I started to investigate why some searches in the Django admin where really slow (see here). Digging further I found that MySQL (5.1, InnoDB tables) performance vary a lot from one query to another one similar. For example:
This query (looking for 'c', 'd' and 'e' in 4 fields, 2 related) generated by Django take 89 ms and return 3093 rows:
SELECT DISTINCT `donnees_artiste`.`id`
FROM `donnees_artiste`
LEFT OUTER JOIN `donnees_artiste_evenements`
ON (`donnees_artiste`.`id` = `donnees_artiste_evenements`.`artiste_id`)

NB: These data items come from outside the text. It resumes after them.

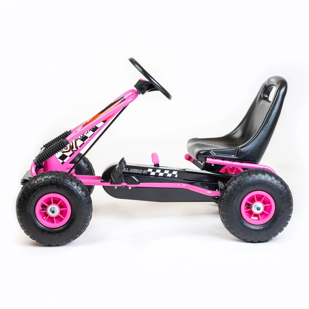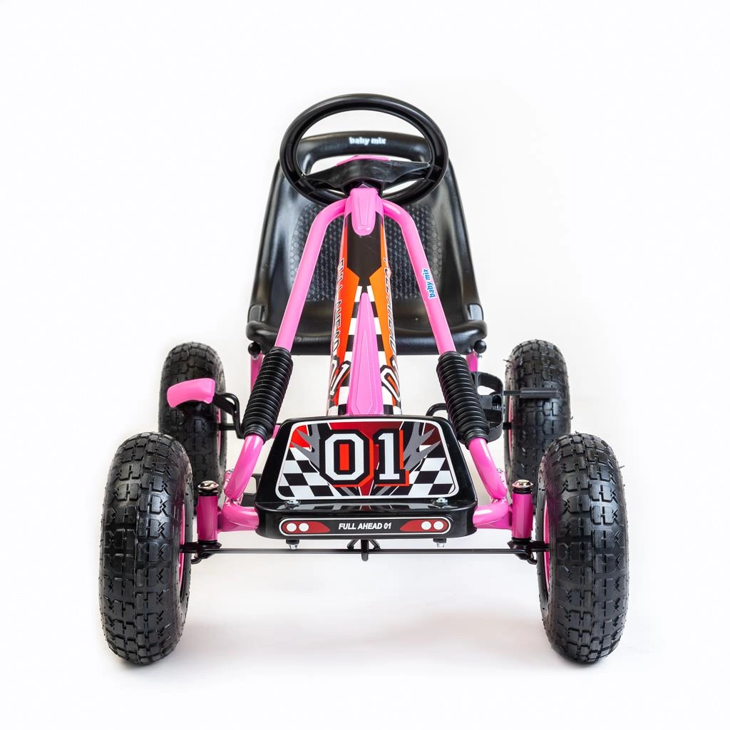 Oplev glæden ved bevægelse med Baby Mix Razor-gokarten. Takket være det ergonomiske sæde med 2-trins justering og sportsrat kan børn køre komfortabelt både inde og ude. De store oppustelige gummihjul med lejer (25 × 8 cm) sikrer stabilitet, affjedring og sikkert vejgreb.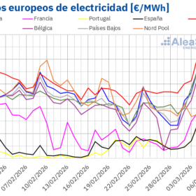 Los períodos de baja producción renovable combinados con el aumento de la demanda por calefacción intensifican la subida de precios, y el conflicto ha llevado el TTF a alrededor de 50 €/MWh, cerca de un 50% por encima del promedio de enero-febrero, impulsando los precios baseload hasta 150-160 €/MWh en Italia y Alemania, aproximadamente un 45% más que en febrero.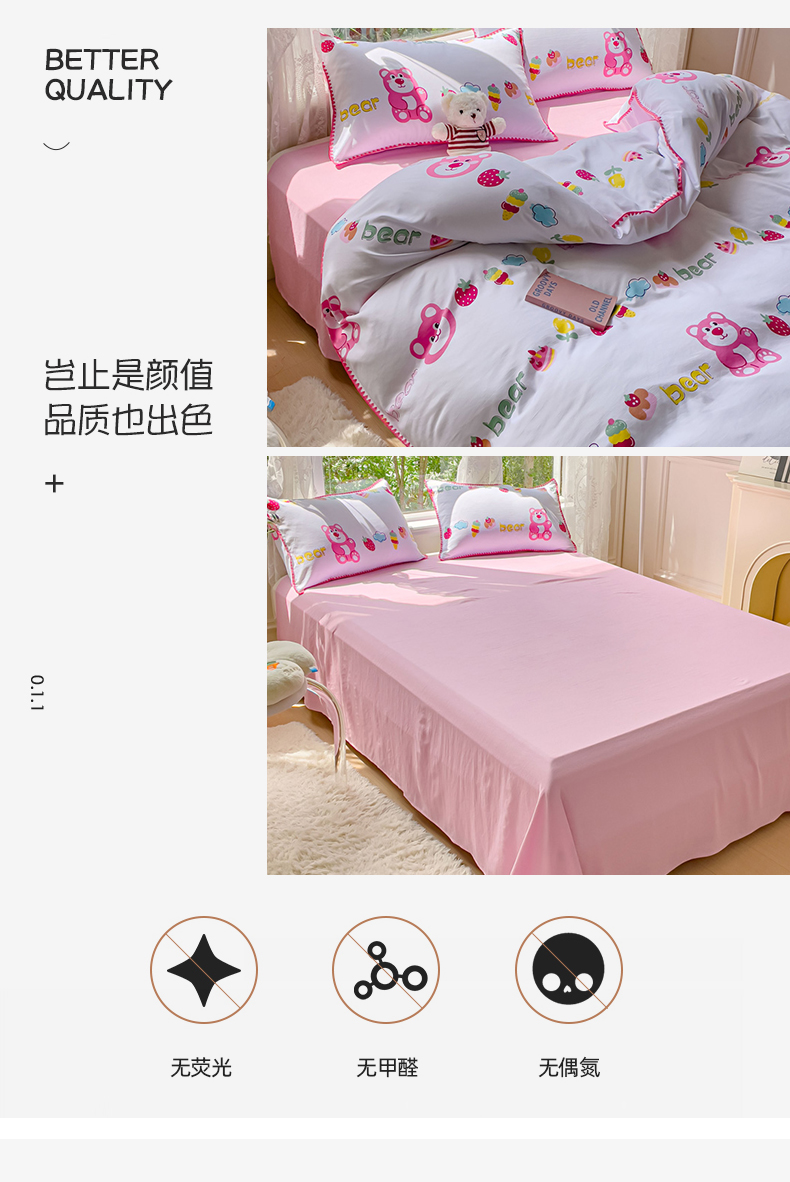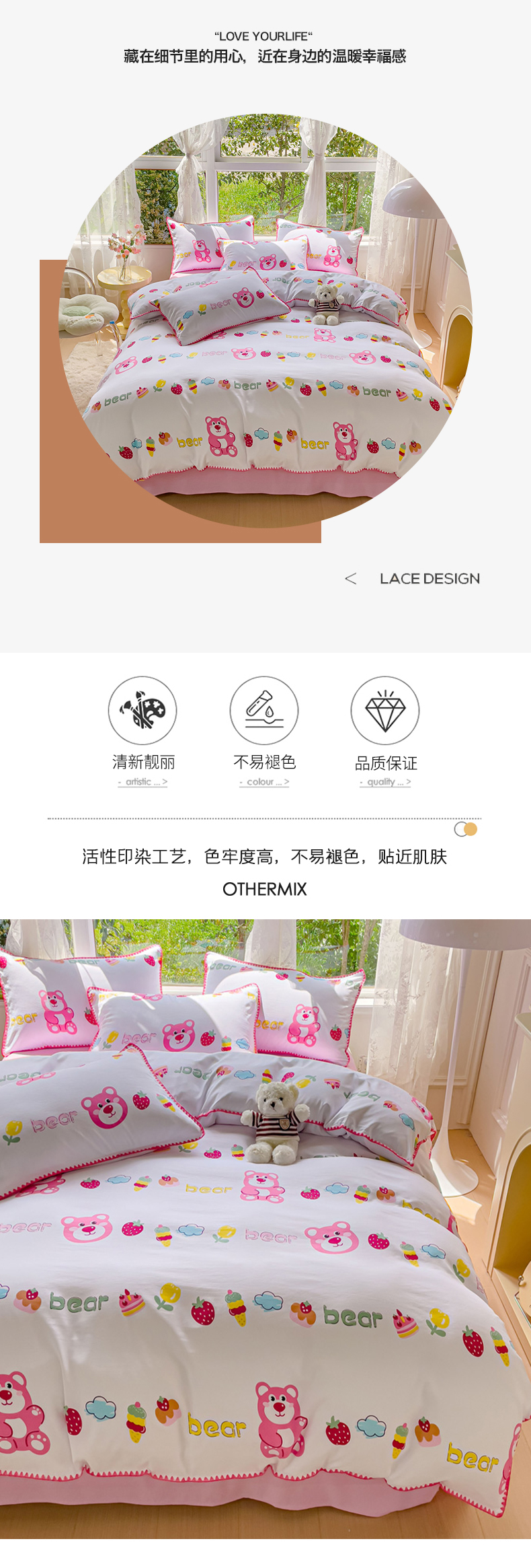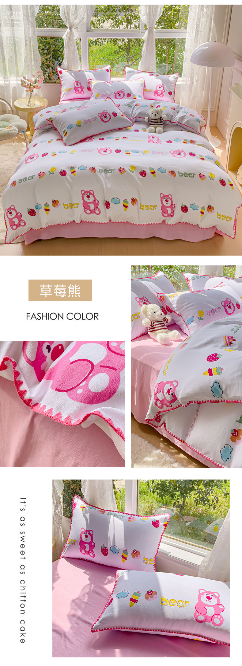 当前位置: 91家纺网 > 商品网购 > 床品套件 > 四件套 > 全棉普通四件套 > 乐居坊 2023第二批新款印花水洗双层纱贝壳绣四件套 草莓熊

LEFT OUTER JOIN `donnees_evenement`
ON (`donnees_artiste_evenements`.`evenement_id` = `donnees_evenement`.`id`)
LEFT OUTER JOIN `donnees_artiste_evenements` T4
ON (`donnees_artiste`.`id` = T4.`artiste_id`)
LEFT OUTER JOIN `donnees_evenement` T5
ON (T4.`evenement_id` = T5.`id`)
LEFT OUTER JOIN `donnees_artiste_evenements` T6
ON (`donnees_artiste`.`id` = T6.`artiste_id`)
LEFT OUTER JOIN `donnees_evenement` T7
ON (T6.`evenement_id` = T7.`id`)
WHERE (
(`donnees_artiste`.`nom` LIKE '%c%'
OR `donnees_artiste`.`prenom` LIKE '%c%'
OR `donnees_evenement`.`cote` LIKE '%c%'
OR `donnees_evenement`.`titre` LIKE '%c%' )
AND (`donnees_artiste`.`nom` LIKE '%d%'
OR `donnees_artiste`.`prenom` LIKE '%d%'
OR T5.`cote` LIKE '%d%'
OR T5.`titre` LIKE '%d%' )
AND (`donnees_artiste`.`nom` LIKE '%e%'
OR `donnees_artiste`.`prenom` LIKE '%e%'
OR T7.`cote` LIKE '%e%'
OR T7.`titre` LIKE '%e%' )
);
If I replace the 'e' by a 'k' so it's mostly the same query, it take 8720 ms (100x increase) and return 931 rows.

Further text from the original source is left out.